--- PROBLEM DESCRIPTION ---
Look through the entries below and copy exactly the part that begins with the line containing "Las sucesivas conceptualizaciones" and ends with the line containing "Una pasajera camina". Do not copy the pictures.

--- DATA ---
#####

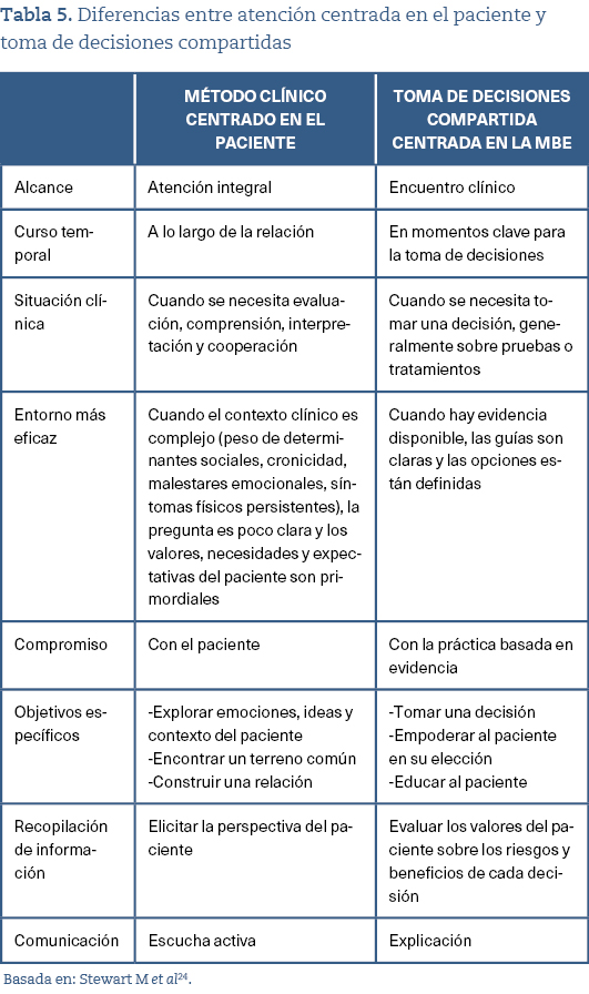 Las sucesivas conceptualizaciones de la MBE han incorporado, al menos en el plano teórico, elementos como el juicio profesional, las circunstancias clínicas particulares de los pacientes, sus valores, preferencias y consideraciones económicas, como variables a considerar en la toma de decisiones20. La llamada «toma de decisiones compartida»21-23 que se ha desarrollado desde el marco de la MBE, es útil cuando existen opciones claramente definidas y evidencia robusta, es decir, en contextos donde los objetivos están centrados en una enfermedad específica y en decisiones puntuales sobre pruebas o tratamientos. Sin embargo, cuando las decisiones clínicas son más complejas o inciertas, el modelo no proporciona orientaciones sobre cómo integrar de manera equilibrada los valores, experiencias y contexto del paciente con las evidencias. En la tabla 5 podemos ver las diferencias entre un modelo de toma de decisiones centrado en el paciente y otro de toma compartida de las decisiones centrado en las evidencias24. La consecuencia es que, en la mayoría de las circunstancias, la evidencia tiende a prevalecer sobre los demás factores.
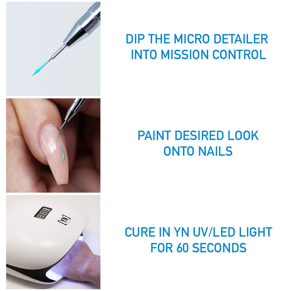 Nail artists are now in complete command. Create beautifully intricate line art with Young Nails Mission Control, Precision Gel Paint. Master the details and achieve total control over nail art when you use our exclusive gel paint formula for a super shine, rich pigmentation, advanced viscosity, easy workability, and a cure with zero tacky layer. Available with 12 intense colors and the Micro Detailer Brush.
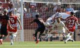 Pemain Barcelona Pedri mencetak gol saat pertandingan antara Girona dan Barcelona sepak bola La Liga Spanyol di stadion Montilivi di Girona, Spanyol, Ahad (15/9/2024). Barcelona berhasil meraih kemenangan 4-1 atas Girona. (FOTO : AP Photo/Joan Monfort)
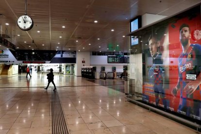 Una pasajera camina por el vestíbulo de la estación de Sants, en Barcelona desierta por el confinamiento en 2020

#####

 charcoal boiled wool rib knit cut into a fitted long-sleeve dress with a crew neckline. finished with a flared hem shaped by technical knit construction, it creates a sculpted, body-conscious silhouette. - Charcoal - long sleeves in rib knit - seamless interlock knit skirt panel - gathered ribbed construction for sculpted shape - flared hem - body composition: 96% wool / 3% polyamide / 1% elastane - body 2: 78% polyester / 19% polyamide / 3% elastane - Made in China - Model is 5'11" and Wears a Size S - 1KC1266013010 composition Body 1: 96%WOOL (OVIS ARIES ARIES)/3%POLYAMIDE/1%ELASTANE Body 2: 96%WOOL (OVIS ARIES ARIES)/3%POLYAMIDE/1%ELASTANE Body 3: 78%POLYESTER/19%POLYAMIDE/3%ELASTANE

#####

--- PROBLEM SOLUTION ---
 Las sucesivas conceptualizaciones de la MBE han incorporado, al menos en el plano teórico, elementos como el juicio profesional, las circunstancias clínicas particulares de los pacientes, sus valores, preferencias y consideraciones económicas, como variables a considerar en la toma de decisiones20. La llamada «toma de decisiones compartida»21-23 que se ha desarrollado desde el marco de la MBE, es útil cuando existen opciones claramente definidas y evidencia robusta, es decir, en contextos donde los objetivos están centrados en una enfermedad específica y en decisiones puntuales sobre pruebas o tratamientos. Sin embargo, cuando las decisiones clínicas son más complejas o inciertas, el modelo no proporciona orientaciones sobre cómo integrar de manera equilibrada los valores, experiencias y contexto del paciente con las evidencias. En la tabla 5 podemos ver las diferencias entre un modelo de toma de decisiones centrado en el paciente y otro de toma compartida de las decisiones centrado en las evidencias24. La consecuencia es que, en la mayoría de las circunstancias, la evidencia tiende a prevalecer sobre los demás factores.
 Nail artists are now in complete command. Create beautifully intricate line art with Young Nails Mission Control, Precision Gel Paint. Master the details and achieve total control over nail art when you use our exclusive gel paint formula for a super shine, rich pigmentation, advanced viscosity, easy workability, and a cure with zero tacky layer. Available with 12 intense colors and the Micro Detailer Brush.
 Pemain Barcelona Pedri mencetak gol saat pertandingan antara Girona dan Barcelona sepak bola La Liga Spanyol di stadion Montilivi di Girona, Spanyol, Ahad (15/9/2024). Barcelona berhasil meraih kemenangan 4-1 atas Girona. (FOTO : AP Photo/Joan Monfort)
 Una pasajera camina por el vestíbulo de la estación de Sants, en Barcelona desierta por el confinamiento en 2020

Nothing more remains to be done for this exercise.